Note that I used pointtype 15 because it gives an "O" which looks better than the default "A". Use the test command to see your options.

Output

When you’ve chosen your output device, use the test command to have a look at the capabilities (a "plot" with test output should spawn).

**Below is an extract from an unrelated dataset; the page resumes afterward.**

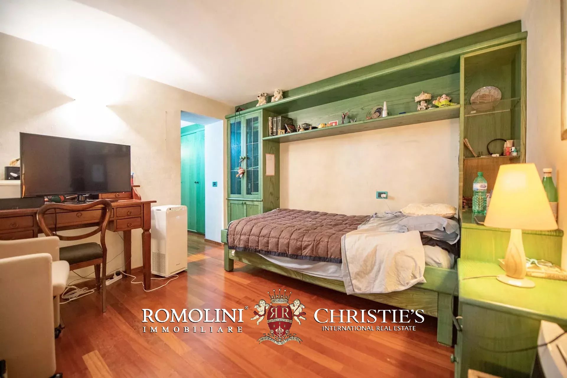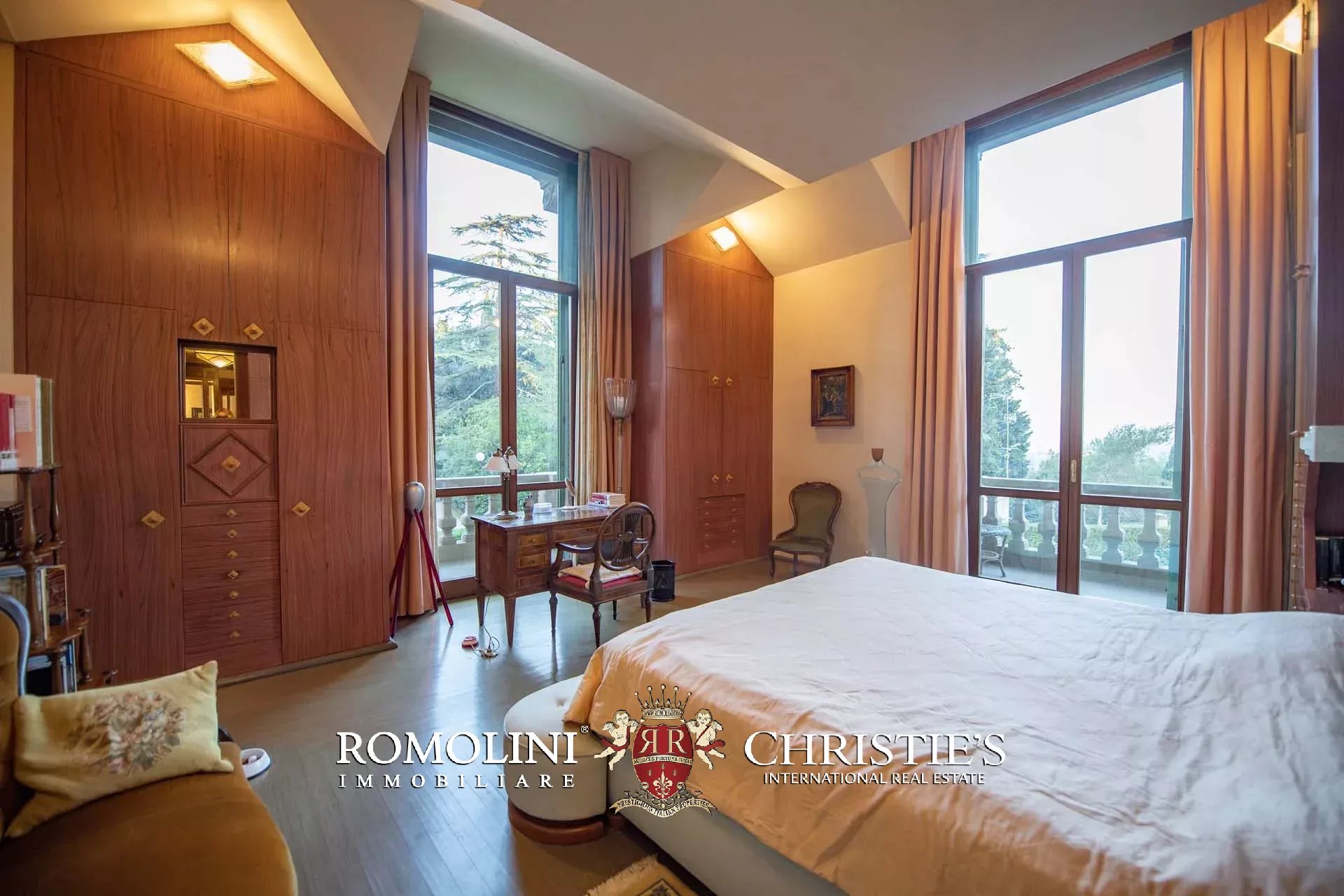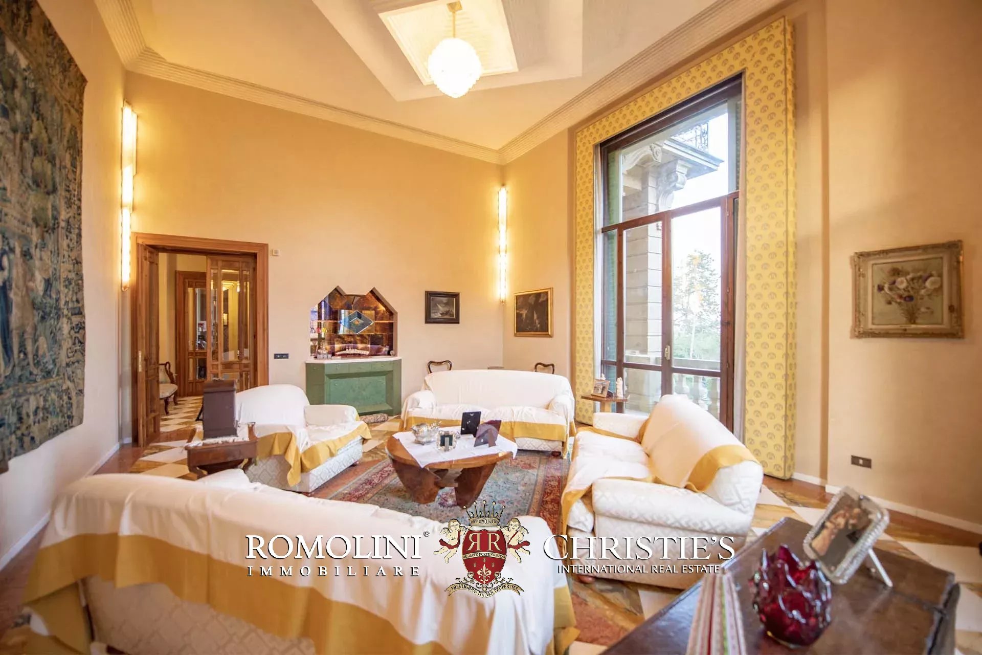 This apartment in a period villa is located in the area of Pian dei Giullari, one of the most renowned and well-known areas of Florence. The house (365 sqm) is located on the ground and basement floors of the villa and houses a total of 5 bedrooms and 4 bathrooms. Outside, the villa is surrounded by a 785-sqm of private garden and has two reserved parking spaces in the parking lot below.

aqua aed512 aed767 amiga aifm apollo atari bitgraph cgi gpr iris4d
kc_tek40xx km_tek40xx next pm regis selanar sun tek40D10x tek40xx VMS
vttek unixplot unixpc windows x11 hercules cga mcga ega vga vgamono
svga att
unknown table dumb dxy800a
excl imagen ln03 post corel prescribe kyo qms dxf fig bfig hcgi mif
pbm rgip tgif hp2623A hp2648 hp7580B hpgl hpljii hpdj hppj pcl5 latex
eepic
emtex pstricks tpic mf
pop push

PNG

I had trouble making PNGs that weren’t messed up. I needed to have an environment variable set like this.

export GNUPLOT_DEFAULT_GDFONT=verdana

After that I just had a setup file like this.

set term png small size 1680,504
set yr [-30:30]
set xr [0:200]
plot '-' notitle

Then I used bash to convert my data files.

for X in trackanalysis-????; do echo $X; cat gpsetup $X | \
gnuplot - > $X.png ; done

To just plot from a data file to an image file as GNUPlot envisions try something like this.

set term png small size 800,400 enhanced font "Helvetica,20"
set output 'ok.png'
plot "datafile" using 3 with boxes notitle

Here "3" is the third column.

Matplotlib

What if you don’t want an interactive window?!

Use the "Agg" back end.

import matplotlib
matplotlib.use('Agg')
import matplotlib.pyplot as plt
plt.plot([1,2,3])
plt.savefig('myfig')

I think "AGG" means "anti-grain graphics". There are other back ends such as "PS", "PDF", "SVG",

Other Possible Ways To Suppress Interactive Enthusiasm
  • matplotlib.interactive() - Sets interactivity state.

  • matplotlib.pyplot.ioff() - Also ion. (Didn’t work for me.)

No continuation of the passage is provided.